12 symptoms that indicate a nutrient deficiency

Zinc insufficiency manifests itself in a variety of non-specific symptoms, making it difficult to diagnose. We'll go through some of the most common symptoms and what you can do to help.

What is a zinc deficiency?

A zinc shortage causes a variety of symptoms, some of which are difficult to categorize, such as hair loss and brittle fingernails. Zinc is an essential trace element, which means it cannot be produced by the body. As a result, it must be obtained from zinc supplements or the diet, primarily through meat-eating. Zinc insufficiency affects approximately 20% of all adults in Germany.

Zinc requirements: What does the body need zinc for?

Zinc is involved in a number of body functions, including immune system activation, metabolism, and hormone production. This is also why zinc deficiency causes such a wide range of symptoms. It's also not as straightforward to identify as, say, iron deficiency. This is due to the fact that there is a blood test for zinc deficiency, but it is unreliable because the shortage only manifests itself in the blood when it is well advanced.

Symptoms: How can I recognize a zinc deficiency?
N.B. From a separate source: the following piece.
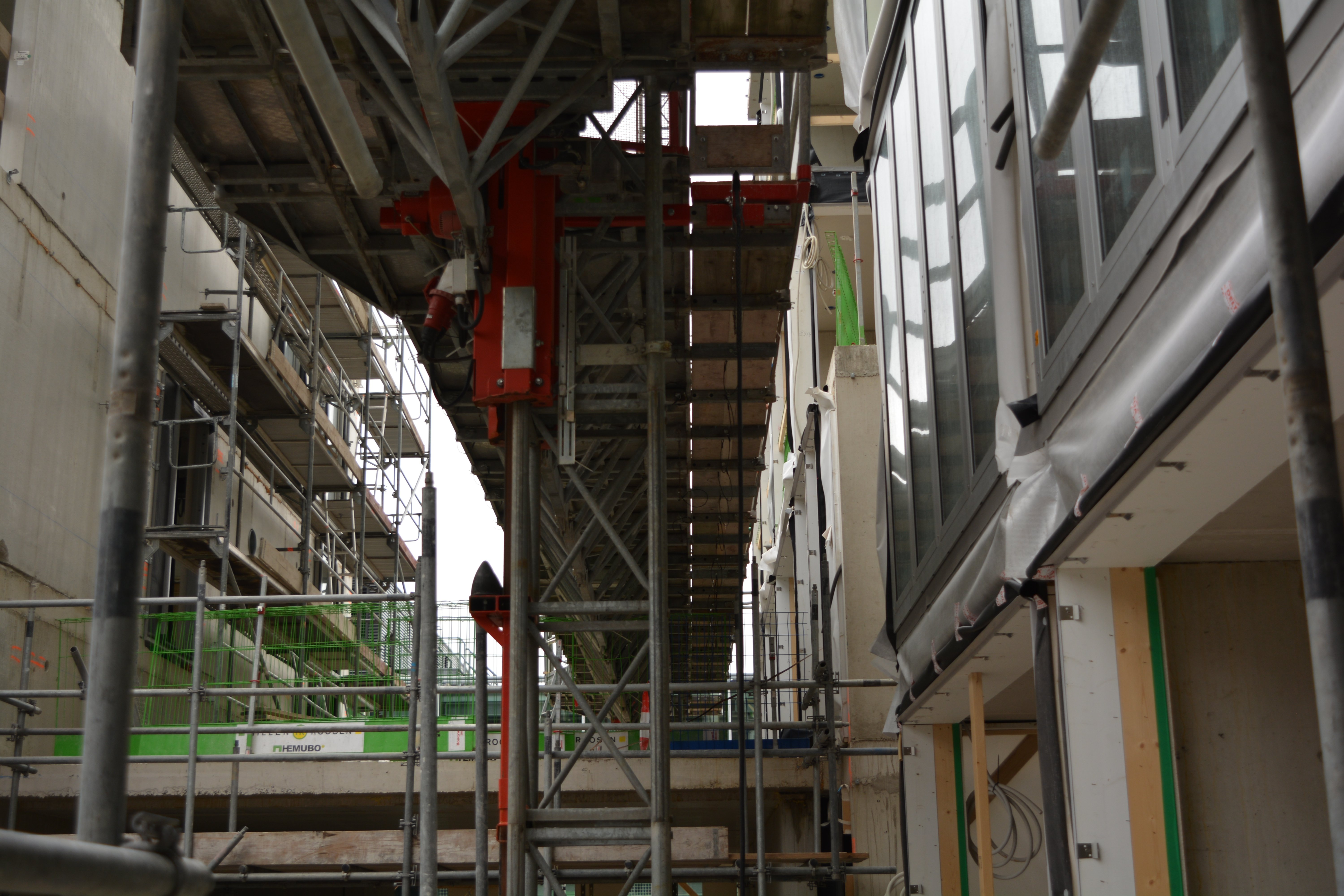 Om ruimte te besparen, hebben we bij 5 blokken Scanclimber 1432-48 personen-goederenliften ingezet in verschillende configuraties. Deze bouwliften hebben een ruime liftkooi en grote liftcapaciteit van 1.400 kg. Uitstekende bouwliften voor personeel, bouwmaterialen en machines. Hiermee kan Hillen & Roosen veel goederen verplaatsen zonder de torenkranen extra in te zetten. Om de liftcapaciteit verder te vergroten hebben we in de liftschacht van blok 8 een De Jong MP50 transportsteiger gemonteerd.

It is true that there are no symptoms that exclusively indicate a zinc deficiency. However, if several of the following symptoms occur, a zinc deficiency is obvious:

  • Hair falls out
  • Nails are brittle

  • High susceptibility to infections/colds
  • Wound healing is delayed
  • Taste and smell disorders
  • Fatigue
  • Lack of drive
  • Mood swings
  • concentration disorders
  • dry skin
  • dry eyes
  • increased blood sugar levels

The correct zinc value and causes: How does a zinc deficiency develop?

A zinc shortage is most commonly caused by a lack of zinc in the diet. Healthy adult men require ten milligrams of zinc per day, while women require seven mg. To put that in perspective, 50 grams of Edam already contains five milligrams of zinc. Other conditions or disorders, in addition to food, can cause zinc deficiency. These include:

  • Diabetes
  • Diseases of the liver, intestines, or stomach
  • increased alcohol consumption

In addition, certain factors increase the need for zinc. These include:

  • Smoking
  • stress
  • diseases such as cancer
  • heavy sweating

Pregnant and breastfeeding women, the elderly, and children and adolescents generally have a higher need for zinc.

Treatment: What to do about a zinc deficiency?

If zinc insufficiency is caused by a disease, it must be treated first. Otherwise, the easiest approach to get enough zinc is to eat foods that are high in zinc. Zinc is found in abundance in the foods listed below.:

  • Beef tenderloin
  • calf's liver
  • Nuts
  • Wheat germ
  • Oatmeal
  • Edam cheese
  • Lentils

Zinc supply through preparations

If the symptoms persist after one to two weeks, a course of zinc preparations can be tried. For two to three weeks, 25 milligrams of zinc are taken daily. However, it's ideal to plan and execute this under medical supervision. Because an excessive amount of zinc can induce unpleasant side effects such as a metallic taste in the mouth, stomach, and intestinal problems, or fever, an overdose is not recommended.